→ **Given information**:

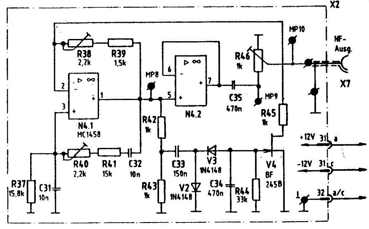 Guten Tag. Im Anhang habe ich eine komplette Schaltung angehängt und ich wollte einfach mal schauen, ob ich die Schaltung richtig verstanden habe. Ich habe mit N4.1 einen Wien-Robinson-Oszillator, welcher durch R37, C31, sowie durch R40, R41 (Frequenzeinstellung) und C32 seine Frequenz (1kHz) erlangt auf der er schwingt. Er schwingt weil die Wienbrücke eine Phasenverschiebung von 0° aufweist und der OP keine Phasendrehung besitzt. Somit kann durch die Mitkopplung das Ausgangssignal wieder auf den Eingang zurückgeführt werden. Da das Aus- und Eingangssignal die gleiche Phasenlage haben, kommt es zu einer sinusförmigen Schwingung. R38 in Kombination mit R39 bestimmen meinen Verstärkungsfaktor. Der Impedanzwandler ist dafür da, dass er mir den Wien-Robinson entlastet. Der Spannungsteiler halbiert mir meine Spannung, die an MP8 anliegt. V2 schaltet mir meine positiven Halbwellen gegen Masse kurz und die negativen Halbwellen durchqueren V3. Wofür ist C33 und C34, sowie C35 da? Bei der Funktion von V4 bin ich mir unsicher, erbitte hier ein wenig Hilfe, warum er da ist und was er macht. Mit R46 kann ich die Amplitude meines 1kHz Sinussignals einstellen, welches dann am Ausgang X7 anliegt. Ich hoffe ich konnte alles recht durchleuchtend erklären ^^ Falls es einfacher geht könnt ihr mir das gerne schreiben. Falls etwas falsch oder fehlerhaft ist, bitte auch korrigieren. Mit freundlichen Grüßen, Maxim
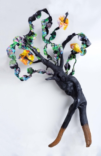 - Driftwood, resin clay, acrylic paint, medium, paper, wire
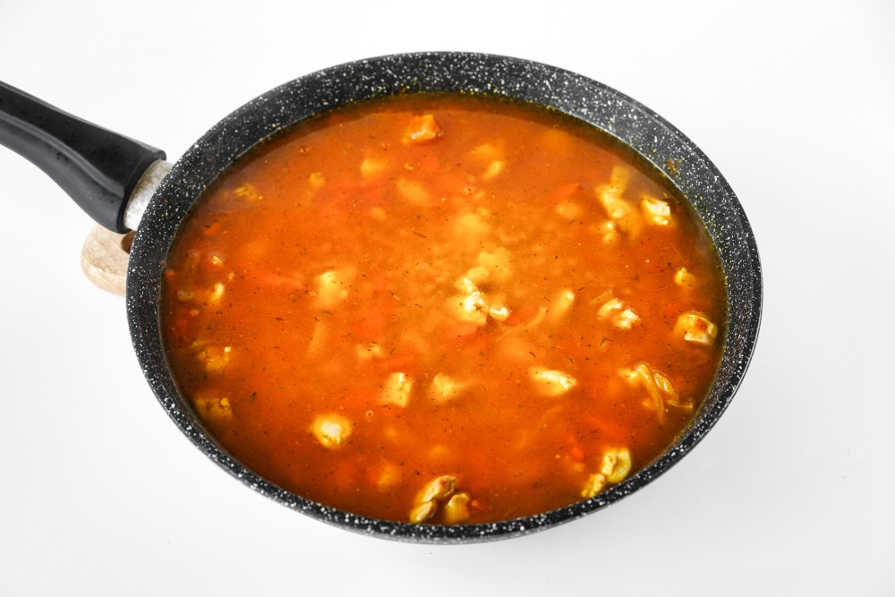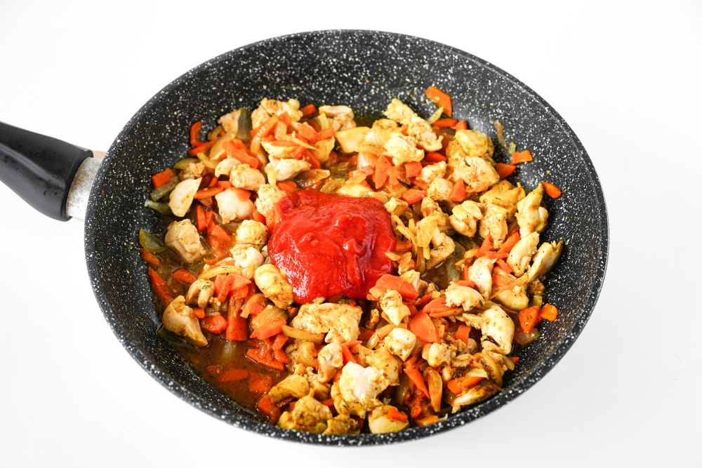 Курица делает блюдо питательным, но не тяжёлым. Лучше всего подойдёт филе бедра или грудка - мясо получается мягким и не пересушивается. А для дополнительного аромата добавим специи и немного протертых томатов.

→ **Task statement**:
Print the listing exactly, minus any pictures.

→ **Response area**:
 Guten Tag. Im Anhang habe ich eine komplette Schaltung angehängt und ich wollte einfach mal schauen, ob ich die Schaltung richtig verstanden habe. Ich habe mit N4.1 einen Wien-Robinson-Oszillator, welcher durch R37, C31, sowie durch R40, R41 (Frequenzeinstellung) und C32 seine Frequenz (1kHz) erlangt auf der er schwingt. Er schwingt weil die Wienbrücke eine Phasenverschiebung von 0° aufweist und der OP keine Phasendrehung besitzt. Somit kann durch die Mitkopplung das Ausgangssignal wieder auf den Eingang zurückgeführt werden. Da das Aus- und Eingangssignal die gleiche Phasenlage haben, kommt es zu einer sinusförmigen Schwingung. R38 in Kombination mit R39 bestimmen meinen Verstärkungsfaktor. Der Impedanzwandler ist dafür da, dass er mir den Wien-Robinson entlastet. Der Spannungsteiler halbiert mir meine Spannung, die an MP8 anliegt. V2 schaltet mir meine positiven Halbwellen gegen Masse kurz und die negativen Halbwellen durchqueren V3. Wofür ist C33 und C34, sowie C35 da? Bei der Funktion von V4 bin ich mir unsicher, erbitte hier ein wenig Hilfe, warum er da ist und was er macht. Mit R46 kann ich die Amplitude meines 1kHz Sinussignals einstellen, welches dann am Ausgang X7 anliegt. Ich hoffe ich konnte alles recht durchleuchtend erklären ^^ Falls es einfacher geht könnt ihr mir das gerne schreiben. Falls etwas falsch oder fehlerhaft ist, bitte auch korrigieren. Mit freundlichen Grüßen, Maxim
 - Driftwood, resin clay, acrylic paint, medium, paper, wire
 Курица делает блюдо питательным, но не тяжёлым. Лучше всего подойдёт филе бедра или грудка - мясо получается мягким и не пересушивается. А для дополнительного аромата добавим специи и немного протертых томатов.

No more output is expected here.